- [Exercise goal]:
Go through the listing below and repeat it exactly, omitting each picture.

START Dataset extract

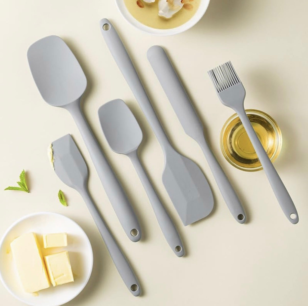 This Grey 6-piece Silicone Spatula Set is designed for versatility in cooking and baking. Made from food-grade silicone, these spatulas are non-stick and heat-resistant, making them suitable for various applications. Their durable construction ensures easy mixing and turning, enhancing culinary efficiency and precision.
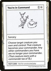Choose target creature you own and control. That creature becomes your commander. Any other commanders you have are no longer your commander. (That creature starts with a commander tax of 0.)
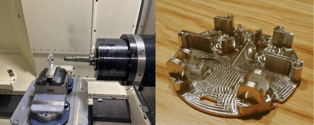 Frezowanie detalu z aluminium w firmie Ultratech. Po prawej stronie – gotowa płytka.

END Dataset extract

- [Exercise output]:
 This Grey 6-piece Silicone Spatula Set is designed for versatility in cooking and baking. Made from food-grade silicone, these spatulas are non-stick and heat-resistant, making them suitable for various applications. Their durable construction ensures easy mixing and turning, enhancing culinary efficiency and precision.
Choose target creature you own and control. That creature becomes your commander. Any other commanders you have are no longer your commander. (That creature starts with a commander tax of 0.)
 Frezowanie detalu z aluminium w firmie Ultratech. Po prawej stronie – gotowa płytka.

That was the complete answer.